なんか、疑いの目で見られると、国王の仲間なんかじゃないのに、妙な感じになっててしまう、だから、おじさんと猫さんに、自己紹介をしようとしたら、僕は、

『あっ、あ、あの、僕らは、その天界から来たんです。その怪しいものじゃないんです。本当に』って、焦ってしまった。で、僕は、深呼吸を一回して、気を取り直して、ニャオーって鳴いてから

『僕の名前は、元気といいます。こっちは、空君、で、ゴールデンレトリバーの方がアルフ、ラブラドールがリッチ、僕らは、天界から来たの。こっちの大きい人は、隊長さん、隊長さんは、おじさんや猫さんと同じ地球の住民、で、こっちの男の人はストーンさん、女の人はエンジェルさん、二人は赤い地球のガーディアンさん、そして赤い地球の犬さん。みんな、この国を元に戻すために、この城の中に入ってきたんだ。そしたら、銃に撃たれて倒れているおじさんと、おじさんの下敷きになっていた猫さんを見つけたんだ。ああ、それから、猫さん、さっき、母猫さんと赤ちゃんニャンコさんたちのことを言っていたけれど、その母猫さんって、ここを逃げ出した猫さん。えーと、二人とも、以前に亡くなった猫さんから、城の中に入っちゃいけないって言われていた』って、僕が言うと

『そうだよ。母猫のことを知っているんですか。無事ですか』って、猫さんが、噛み付きそうな勢いで聞いてきた。

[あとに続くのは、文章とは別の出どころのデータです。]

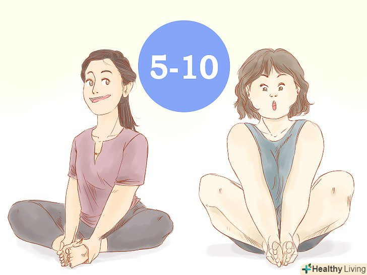 Спробуйте вправу на розтяжку "метелик".Сядьте на підлогу, спина рівна. Коліна зігніть і розведіть в різні боки так, щоб з'єднати разом стопи. Стопи підтягніть якомога ближче до тазу, дивіться, не потягніть ногу. Спробуйте опустити стегна так, щоб вони були паралельні підлозі. Затримайте їх в такій позиції на 10 секунд.- Щоб зробити розтяжку, вам, можливо, доведеться тримати ступні руками. Це нормально!
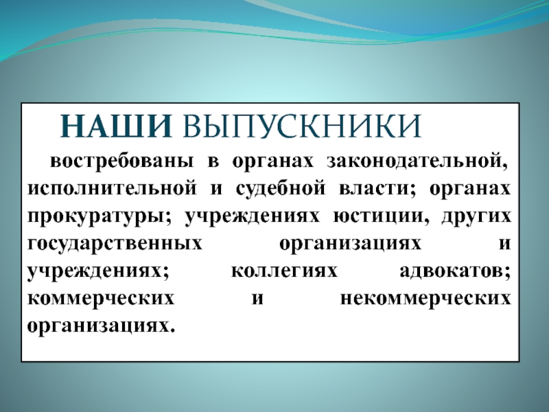 НАШИ ВЫПУСКНИКИ  востребованы в органах законодательной, исполнительной и судебной власти; органах прокуратуры; учреждениях юстиции,
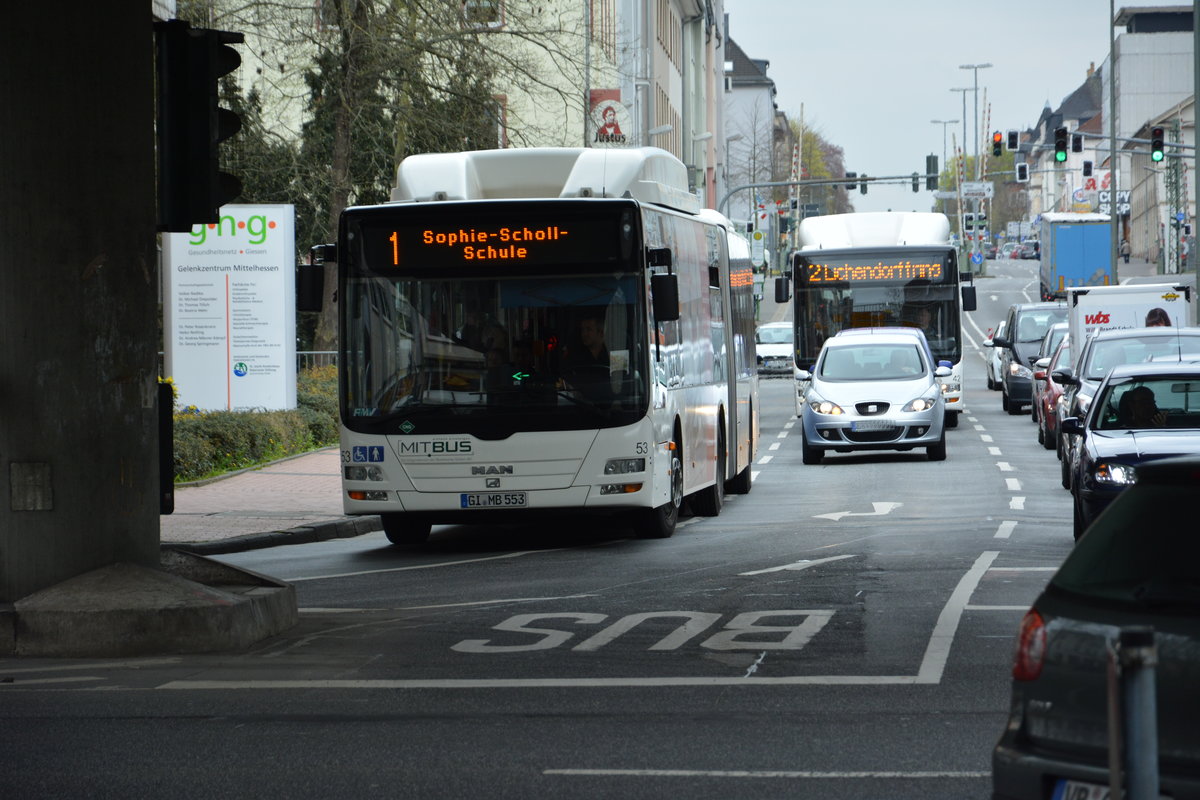 Am 19.04.2016 fährt GI-MB 553 auf der Linie 1 durch Gießen. Aufgenommen wurde ein MAN Lion's City G CNG / Gießen Innenstadt.
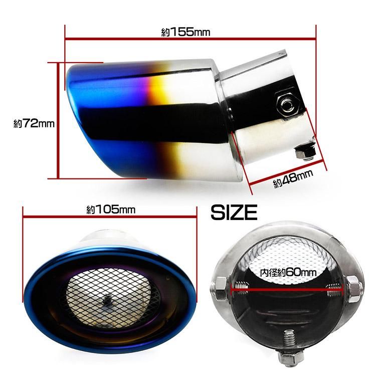 「脱落防止ワイヤー付」マツダ スクラムワゴン DG64W スラッシュ 外装 マフラーカッター チタン焼き 下向き ボルト付 約40mm~56mm適用

『元気です。母猫さんも、赤ちゃんニャンコたちも、みんな元気にしています』って、僕

『僕の飼い主の家に、みんな居ます。赤ちゃんニャンコは、三匹』って、犬さん

『そうですか、元気ですか、生まれたんですか、三匹も』って、父猫さんが嬉しそうに言うと

『良かったな、無事に生まれて』って、おじさんは、父猫さんの頭を撫でながら言った、そして、

『天界っていうのは、死んでしまうと行くところ、確か。なんだ、その赤い地球っていうのは』って、おじさんは、少し落ち着くと、ほんの少しだけ横柄な口調で言った。

『そのことを、今、説明していると時間が掛かるから、いつかってことでいいですか』って、僕が言うと、猫さんは『ええ、私は』って、おじさんはちょっとだけ不満そうな顔に見えたけれど、

『構いません。それより、国王の暴走を止めてもらえるんですか。この国を救ってくれるんですか』って、

『それに、協力してもらえるんですか』って、隊長さんが聞くと

『勿論です』って、おじさんは、二つ返事で答えた。